Risks or Side Effects of Surgical Procedure
There is a risk of:
- Diaphragm penetration during the procedure, which could cause a condition known as capnothorax
- infection and/or inflamed tissue at the electrode implantation sites
- bleeding at the electrode implantation sites
- nerve, tissue or organ damage as a result of the procedure
- electrode wires breaking off in your body leading to reduced or intermittent diaphragm pacing or failure of the pacing system
- cardiac arrhythmia being caused by the placement of the electrodes in the chest cavity
- skin irritation or hypersensitivity from the electrical stimulation, from the tape used with the electrodes or from the skin bandage that holds the electrode connections
- your body not being compatible with the materials used in the electrodes and their wires
- choking during eating and of sleep apnea is a Passy-Muir valve is not used during the training period
- discomfort during the conditioning period – be sure to tell your physician if you notice pain, discomfort or shortness of breath
- not having a sufficient muscle reaction when using the stimulator and the product may not work for you
- At this time, there is insufficient clinical data to determine safety in implanting this device in patients with cardiac pacemakers; therefore, you should not be implanted with this device if you have a cardiac pacemaker or other implanted electrical device.
- This product should not be used by patients with suspected or real heart problems, or epilepsy
- The safety of this device in use during pregnancy is unknown.
- The long-term effects of electrical stimulation of the diaphragm are unknown.
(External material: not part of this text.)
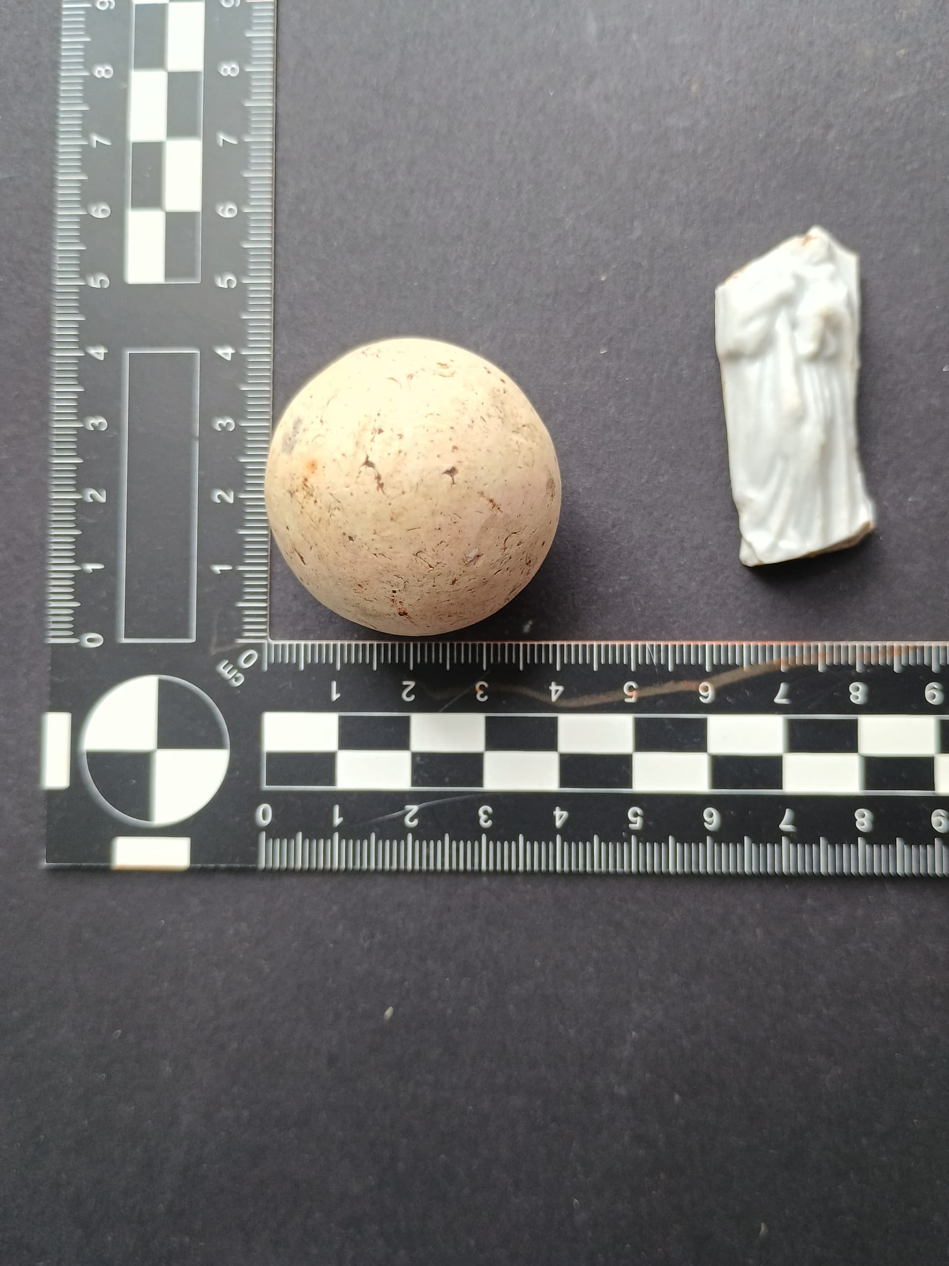 Und eine groooooße Murmel. Weiß nicht ob man bei der größe (fast 4cm Durchmesser) noch von Murmel spricht, aber sie hat die typische Beschaffenheit einer Murmel. Im ersten Moment dachte ich an ein Bleigeschoss, aber war dann schnell klar dass es keins ist.

Risks and Probable Benefits of Using the NEURX DPS
There is a risk that during electrode placement, the electrodes may go all the way through the diaphragm muscle which could cause air to gather in your chest and cause a capnothorax. If this occurs, air on your chest may cause both discomfort and hinder your ability to breathe. In a “worst-case” situation, one or both of your lungs could collapse. If a lung does collapse, it will be re-inflated immediately using a tube that is placed in your chest. There may be some discomfort and/or bruising at the site where the lead wires go through the skin. This is temporary and should go away in a few days.
It is possible that stimulation from the diaphragm pacing system could stop either due to electrode breakage, cable disconnection or stimulator failure. If one of these happens, breathing will stop. Without prompt attention, this could result in permanent disability or death. This risk is reduced by using back-up electrodes and sounding an alarm whenever the stimulator detects improper operating conditions.
There is a risk of aspiration when using this device. While becoming used to the stimulation and timing, it is recommended that a one-way (Passy-Muir) valve on your tracheostomy is used while eating or drinking when on the pacing device. It is also recommended to use the one-way valve while sleeping to avoid upper airway obstructions. The Passy-Muir speaking valve looks like a plug with holes in it. The valve fits directly onto the end of your tracheostomy tube. It opens during inspiration to let air into your lungs and closes during exhalation to allow air to pass over your vocal cords and out through your nose and/or mouth. The valve allows for more normal respiration, improves swallowing and may reduce your risk of aspiration.
You may experience increased spasms with the stimulation while your body becomes used to the stimulation. This typically subsides within a few days of use.